As a process matures, you can also pack more transisters into the same space.
There is actually allot more to packing transisters into a chip than the "nm" rating.
But to claim TSMC 20nm isn't on a smaller process than Intel's 22nm.. I would need to see some solid linkage, rather than take the word of what is essentially a stranger on the internet.
Soleron said: Vastly outdated info. There are no more half nodes ever again. It's too expensive to develop them. So they just rebrand. |
Not necessarily.
It depends on the fabricator's position.
The large cost is in the R&D (And building the plants!) you can bet those who are in the fab game does the R&D at every single step. I.E. 19nm, 18nm etc'.
That way they can observe such things like electromigration, leakage and mitigate it as much as possible.

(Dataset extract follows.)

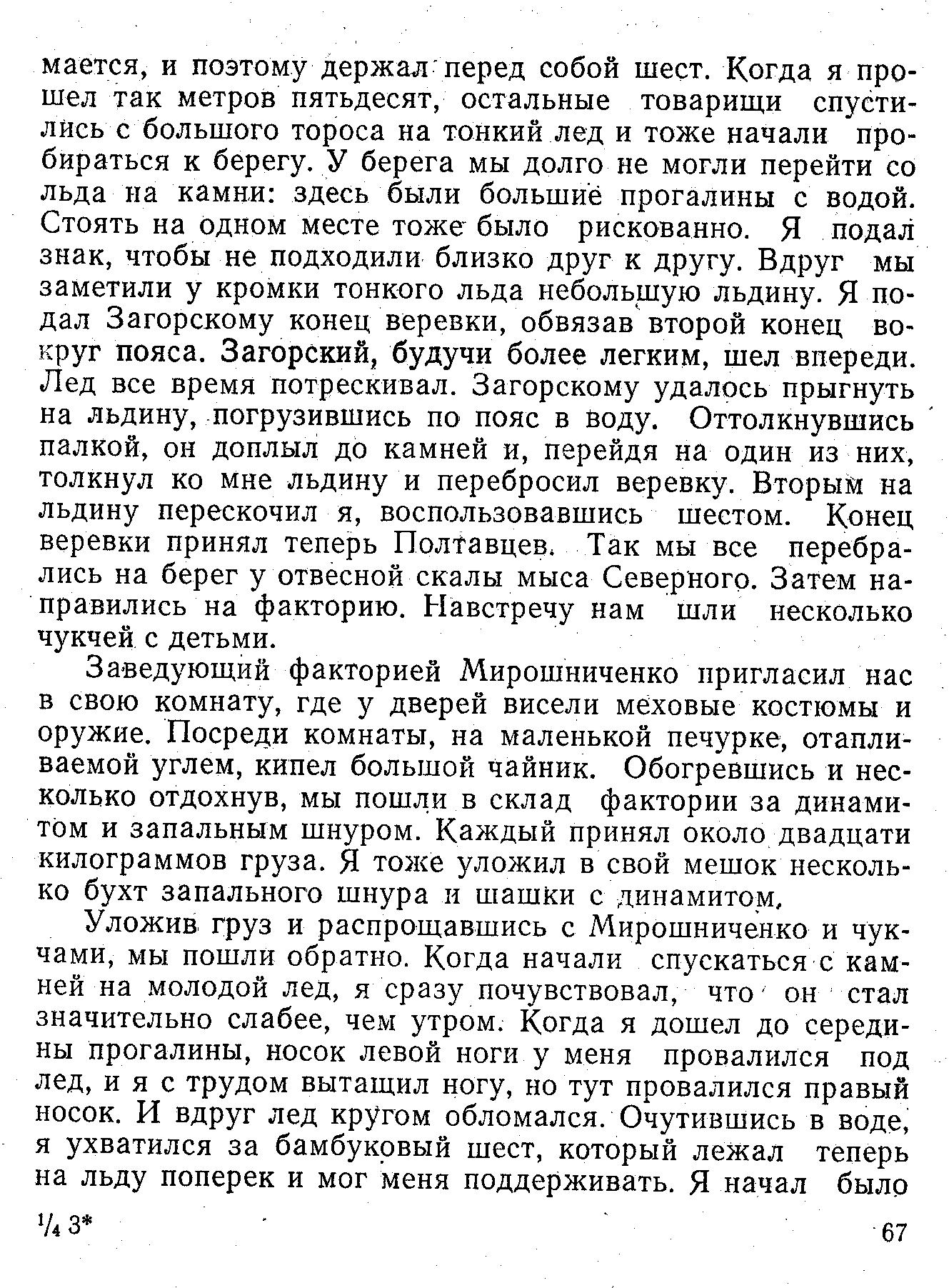 мается, и поэтому держал перед собой шест. Когда я прошел так метров пятьдесят, остальные товарищи спустились с большого тороса на тонкий лед и тоже начали пробираться к берегу. У берега мы долго не могли перейти со льда на камни: здесь были большие прогалины с водой. Стоять на одном месте тоже было рискованно. Я подал знак, чтобы не подходили близко друг к другу. Вдруг мы заметили у кромки тонкого льда небольшую льдину. Я подал Загорскому конец веревки, обвязав второй конец вокруг пояса. Загорский, будучи более легким, шел впереди. Лед все время потрескивал. Загорскому удалось прыгнуть на льдину, погрузившись по пояс в воду. Оттолкнувшись палкой, он доплыл до камней и, перейдя на один из них, толкнул ко мне льдину и перебросил веревку. Вторым на льдину перескочил я, воспользовавшись шестом. Конец веревки принял теперь Полтавцев. Так мы все перебрались на берег у отвесной скалы мыса Северного. Затем направились на факторию. Навстречу нам шли несколько чукчей с детьми.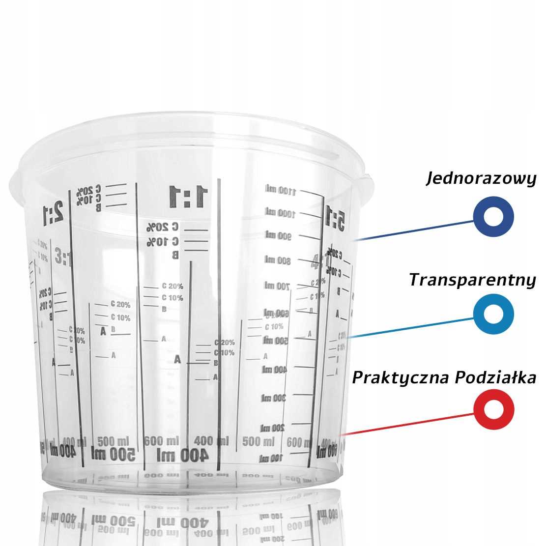 Прозрачный контейнер с напечатанной шкалой, позволяющей точно смешивать и отмеривать материал. Изготовлен из гибкого материала, что облегчает наливание жидкости. Кружка обладает антистатическими свойствами и не содержит загрязнений.

Soleron said: That won't happen in 2014. They will have it on GPUs in 2015 then consoles might be 2016 if ever. (I expect it to never happen) |
I agree.
AMD won't have it's new GPU untill late 2014, by then the process would be new.
It would take a good 6-12+ months for it to mature and by that time, then it might happen. (In the case of TSMC however, never have your hopes up for yields to improve quickly.)